Roger didn't really eat his breakfast that morning. He broke the egg yolks with his fork and traced idle designs of yellow over the rough surface of the toast.
"Do you not feel well this morning, Master Roger?" Norman asked, his voice calm and slightly soothing as usual.
"No, I'm just not hungry. It's not that the food is bad… you always cook well… I just don't think I can eat right now."
There were a couple moments of silence at the table as Roger continued drawing on the toast and Dorothy chewed her own softly.
"What day is it, Norman?"
"Why, I believe it is Sunday. Why, Master Roger?"
"No particular reason. Just like to keep up with the rest of the world, even if there are no such things as fairy tales."
With this, he left the table and went to his bedroom to change. Normally he ate breakfast in his warm, freshly pressed suit, but this morning he had been far too lazy to do much more than haul himself off the floor. In truth, he wasn't feeling too well, but this was no time at all to come down with some type of sickness. He laced up his shiny dress shoes and closed the door behind him.
He could have easily made the trip in half the time by driving the Griffon, but this morning the car seemed large and awkward, and out of place in the snow covered world. So instead he allowed the cold to embrace him, allowed his face and eyes to be stung by the wind and to let the powdery snow cling to his boots as he made his way to the inner part of town.
You could still see the single tree from far away. Trees were becoming a rarity in the world these days… there was less and less green and more and more grey. There seemed to be a sort of light coming from it… an odd, warm type of light that seemed to remind him of something people had lost.
No one really came outside these days, he observed, and he doubted it was solely because of the winter chill. There was something hanging from the roof of the dome that protected the city – the dome that kept them all "safe." Or, anyway, they people that they thought counted.

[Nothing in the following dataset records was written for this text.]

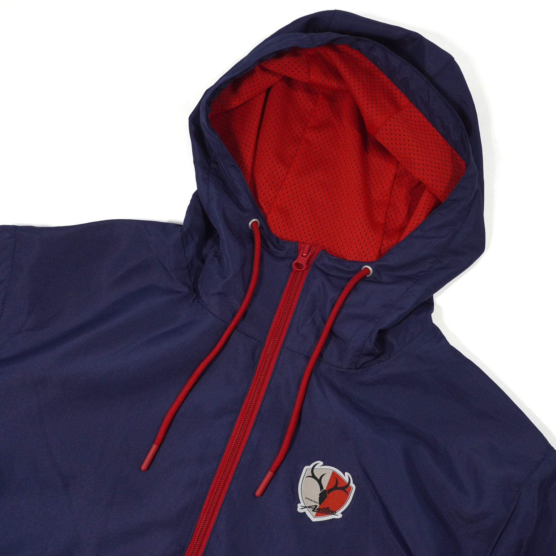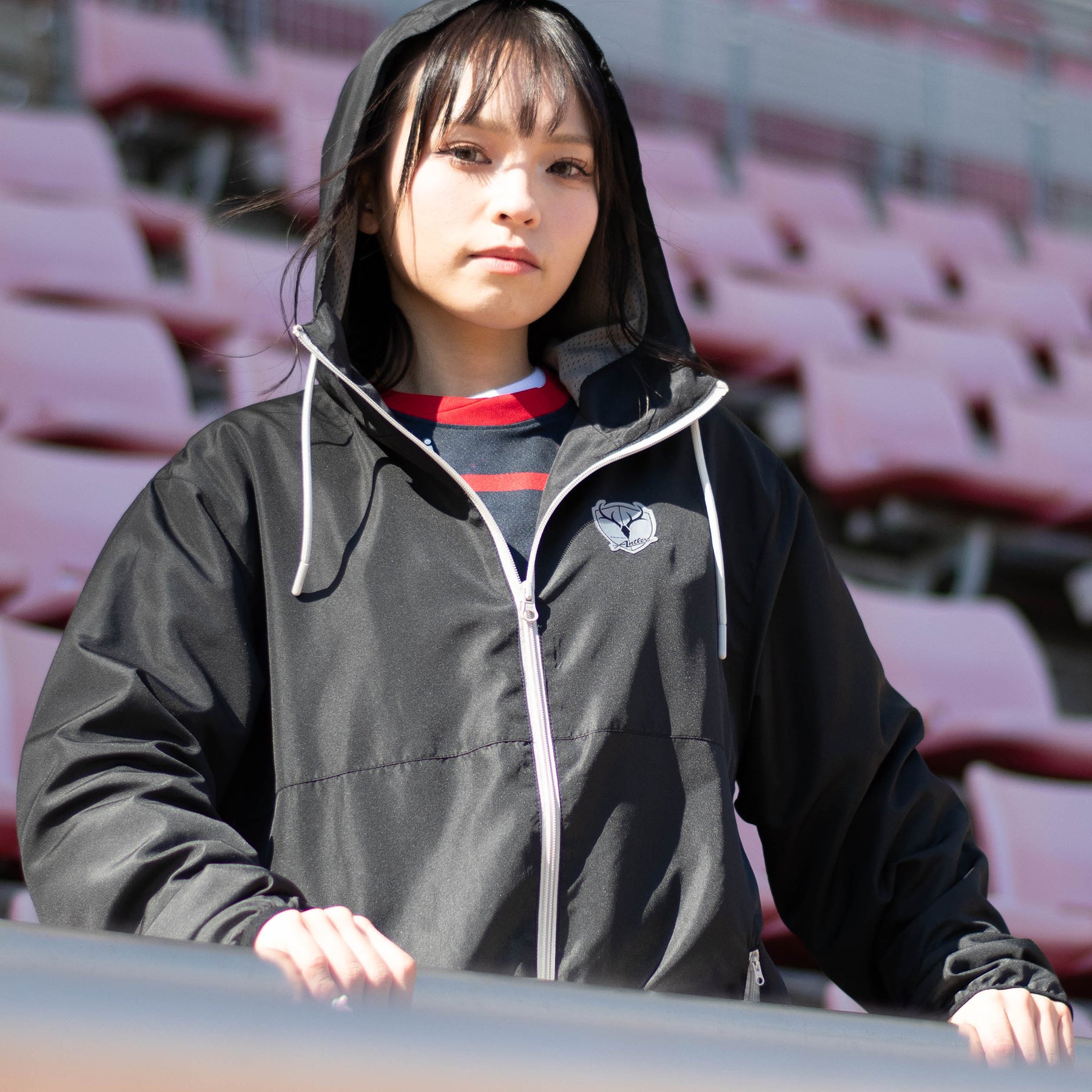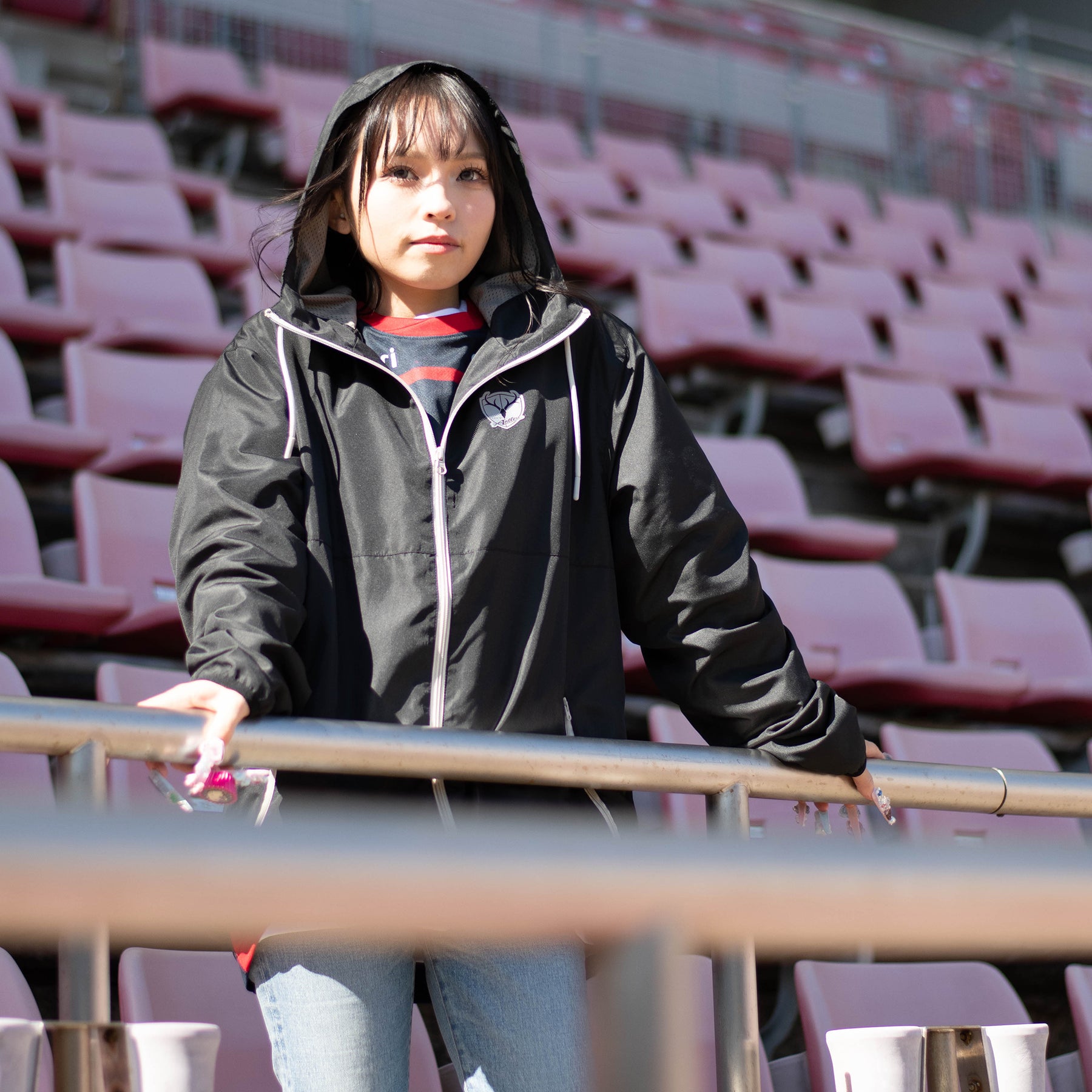 生地が柔らかいため、脱いだあとも小さくまとめてバッグに入れやすく、持ち運びにも便利。胸元には鹿島アントラーズのエンブレムを配し、シンプルな中にクラブらしさをしっかり感じられる一着です。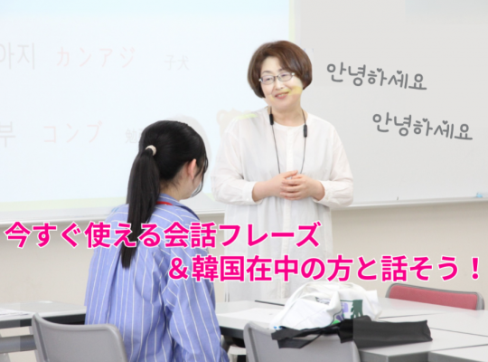 日常ですぐに使える韓国語のフレーズを学び、韓国在住の方との会話にチャレンジできる講座!実践を通して、リアルな表現やコミュニケーション力を楽しく身につけよう♪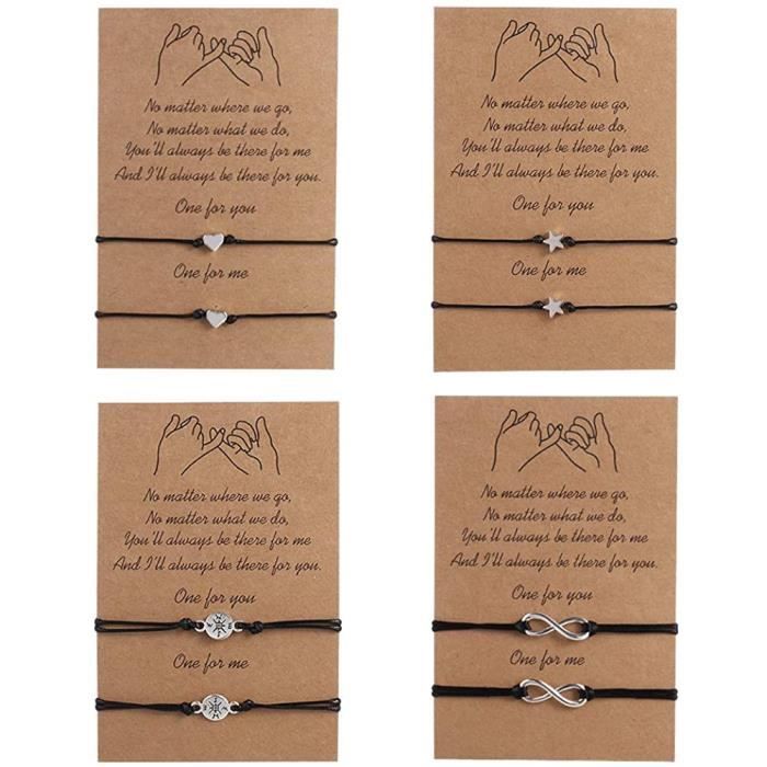 Bracelets Soleil Lune étoile 4 Paires Bracelets D'Amitié Pour Homme Femme Fille Garçon Bracelet Couple Réglable Avec Les Motifs Coeur Étoile Infini Boussole Bracelet Tressé à La Main Cadeau Pour Couple Famille Meilleurs Amis Idée Cadeau Meilleur Ami Cadeaux de bijoux idéaux: Ce bracelet est livré avec une carte de souhaits et un sac en flanelle. Excellent choix pour les anniversaires, Thanksgiving, Noël... Bracelet Couple Lune Soleil | Comme des Aimants Adapté : Convient à toute la famille, y compris les parents et les enfants, pour renforcer le lien entre les membres de la famille et partager des moments chaleureux Beau cadeau]Un produit contient une enveloppe une carte 3 bracelets soleil, lune et étoiles pochette en velours VU100. Joliment emballé et un cadeau... Excellente idée cadeau : ces bracelets conviennent aux familles, sœurs, couples et meilleurs amis, ce qui en fait un choix de cadeau parfait pour les relations amicales proches et familiales et pour exprimer des sentiments profonds. HAUTE QUALITÉ : Fabriqué à partir de matériaux de haute qualité pour garantir la durabilité et l'apparence du bracelet et le garder comme neuf au fil du tempsAjustable : Tirez sur le nœud pour ajuster la taille du bracelet. Ajustable : Tirez sur le nœud pour ajuster la taille du bracelet. Emballage : vous recevrez un lot de 3 bracelets soleil lune étoile.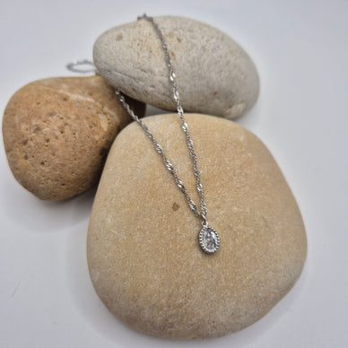 Collier chaîne fine torsadée argentée avec pierre ovale cristal.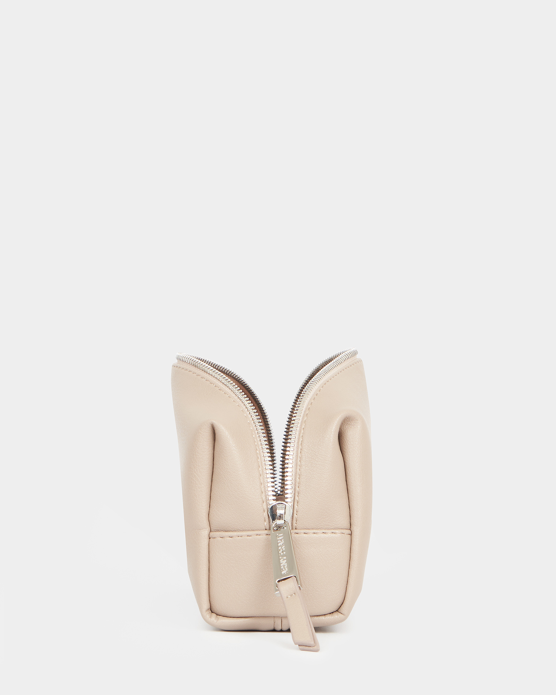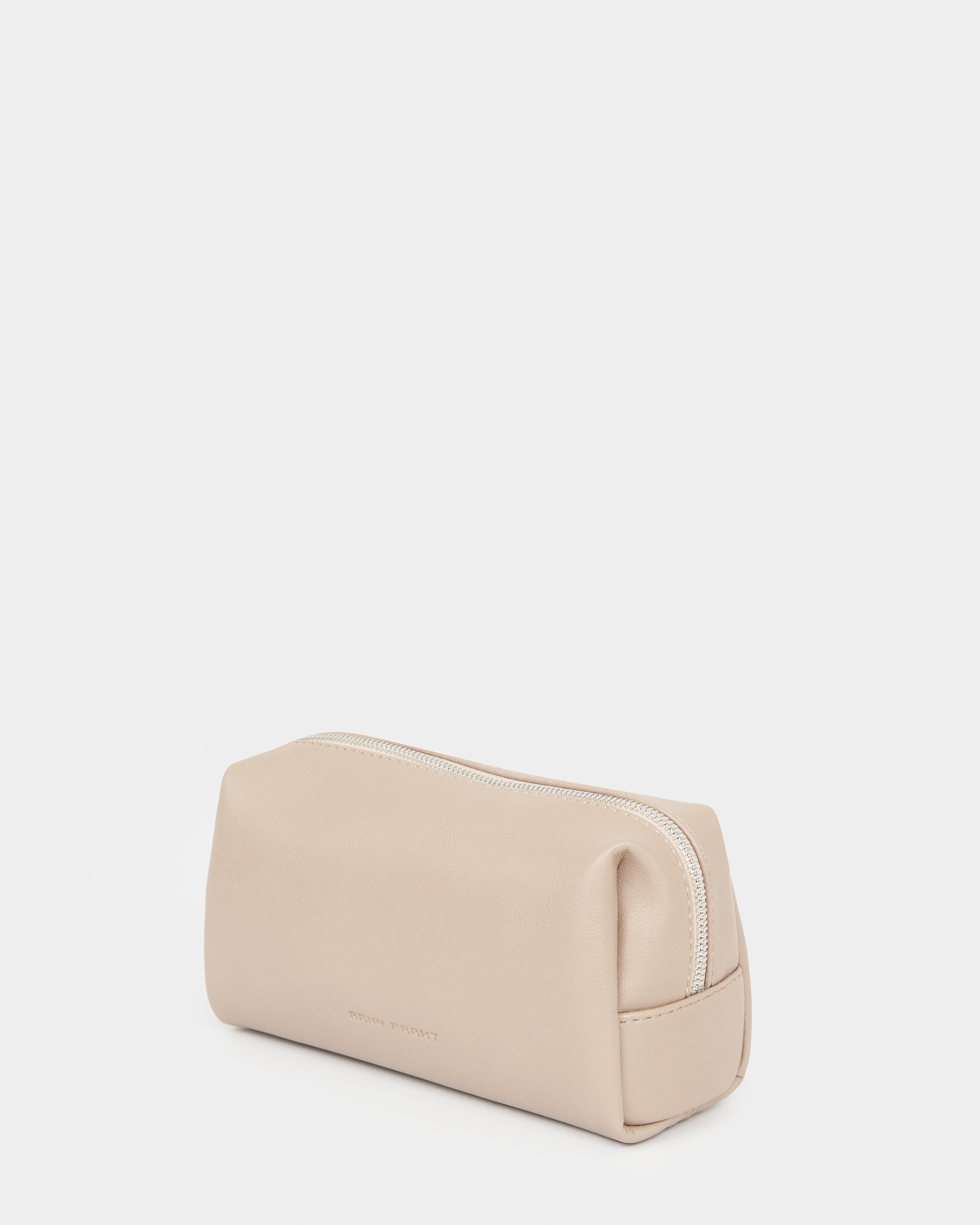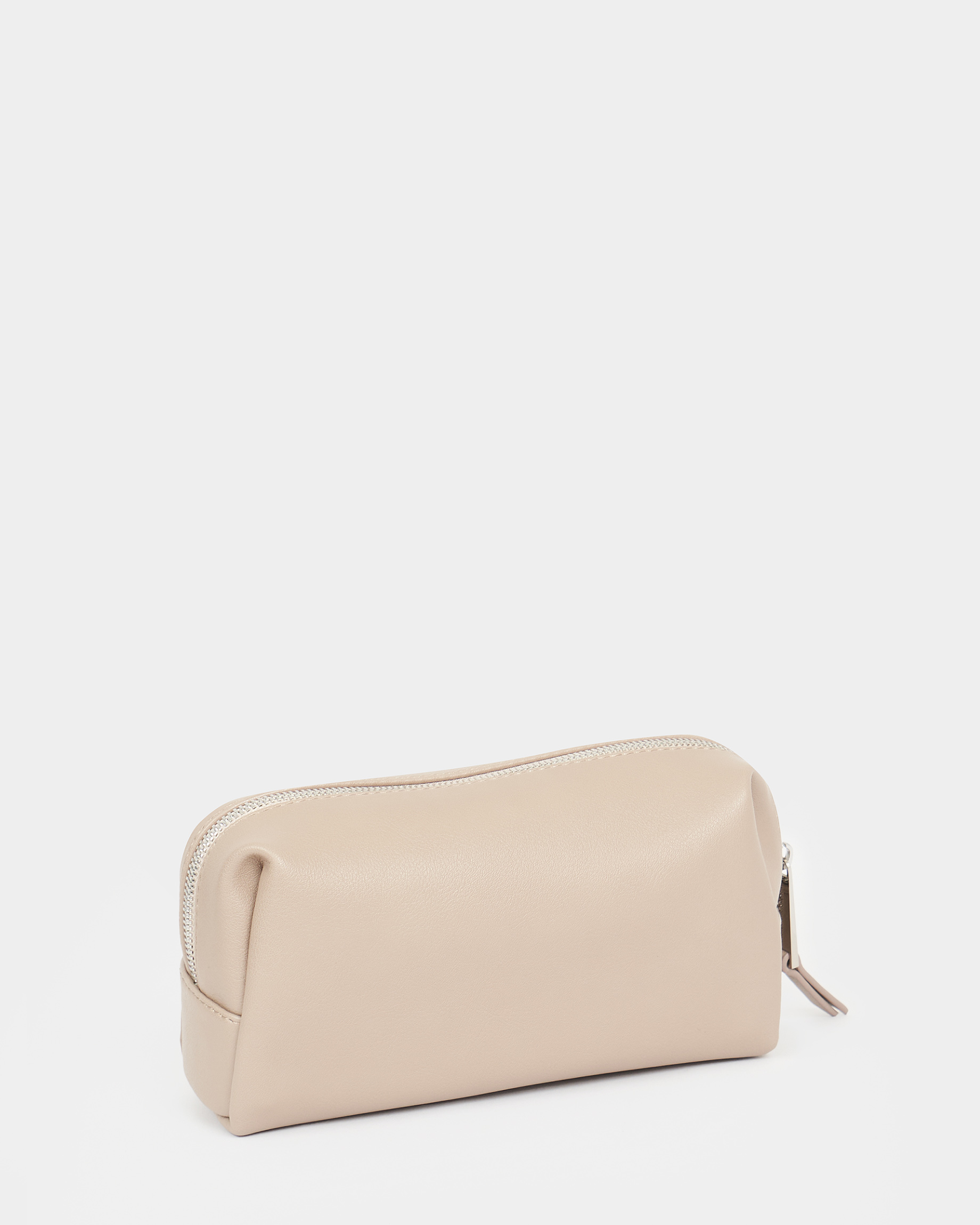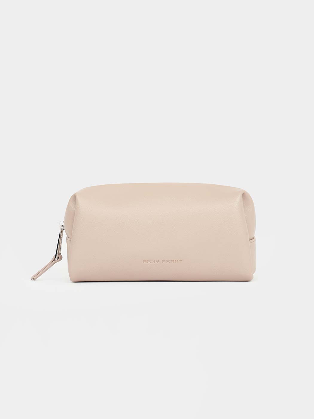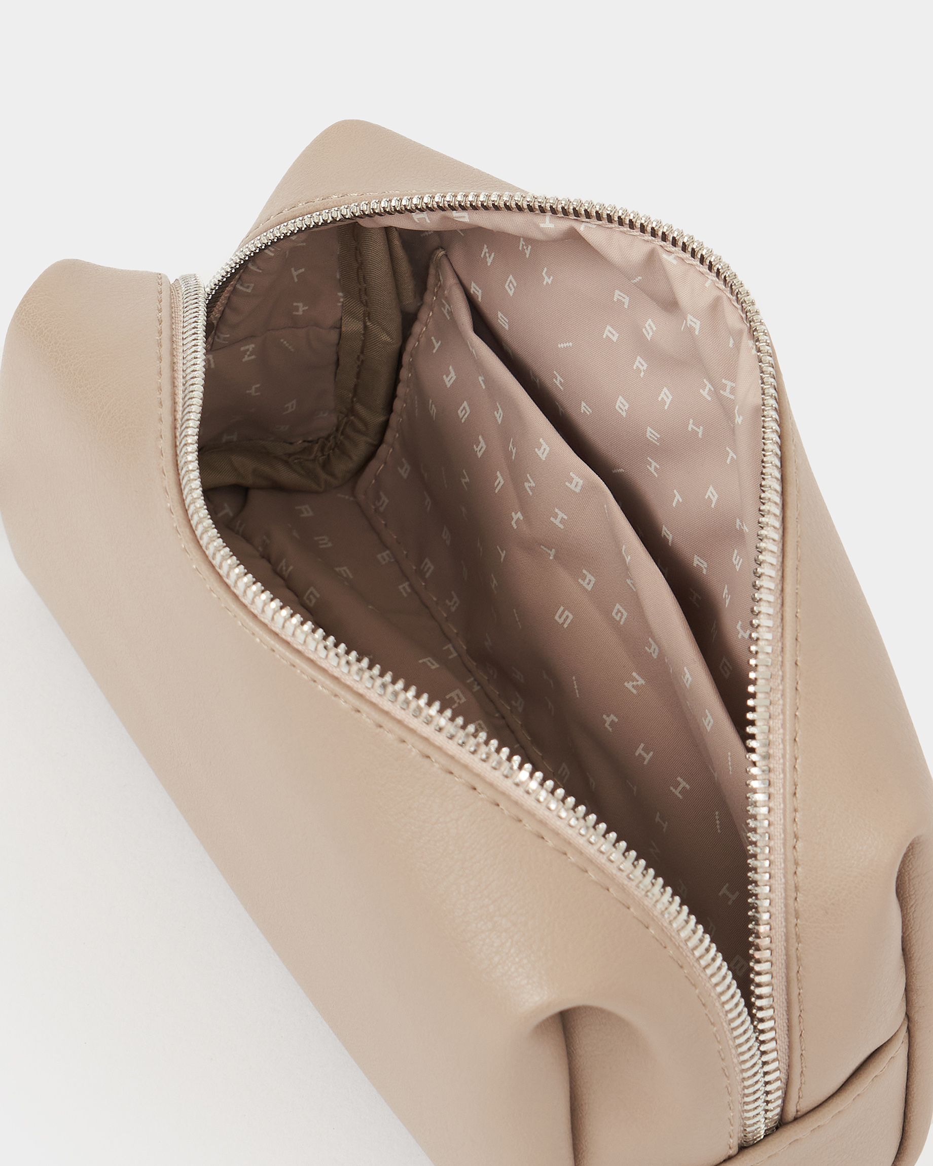 Вместительная косметичка-пенал в цвете светлый кофе.

Roger found himself recalling the saxophone player and his blind girlfriend that he'd met not too long ago… in a course of events that seemed to lead up to…
To what?
They had both been very nice people, he remembered… but something had cast them aside and they had nothing. How could they have been so happy with what little they had?
He envied them and their happiness. Everything he could ever need was inside the stately mansion, he had a well-paying job and a decently respectable position in society… so why was he so discontent?
What had he lost?
What had humanity lost?
Corners and cobwebs of his odd dream haunted him as he crossed the deserted streets. He stopped occasionally to read the lipstick-smeared messages all over cars… houses… people who had been killed in the recent crime spree. Sometimes they more of vanished than died… but everyone, even Dastun, seemed to have given up finding the culprit. Things seemed unnaturally like a television with bad reception… the people who were actually out on such a cold day seemed to be speaking a foreign language as he made his way toward his destination.
What had humanity lost? There had certainly been something before… but…
Now, there were no dreams come true, no fairy-tale endings. There was only life and what you made of it. Or what it made of you.
He snow littered the streets, blowing and mixing with itself, coating the greyish slush that had been there before. Eventually it was gone, and the world was coated in an unbroken blanket that seemed to tuck it in, nurture it like a mother, and keep it safe. The snow stuck in the branches and the needles of the tree, frosting it like a candy in a shop.
…candy?
What's that?
Where do I know that from…?
The old building was almost unrecognizable underneath all the snow on the roof. It seemed to cover the holes in the tiles rather than fall through them, and he could see a warm glow coming through the window.
He opened the large, carved doors to join the people inside… only to find there were none.
I heard them, though!
…they were singing!
There was a lone, shadowed figure standing by the altar. It raised a delicate hand and made an annoyed gesture.
"I was wondering when you'd get here, Roger. You sure took long enough."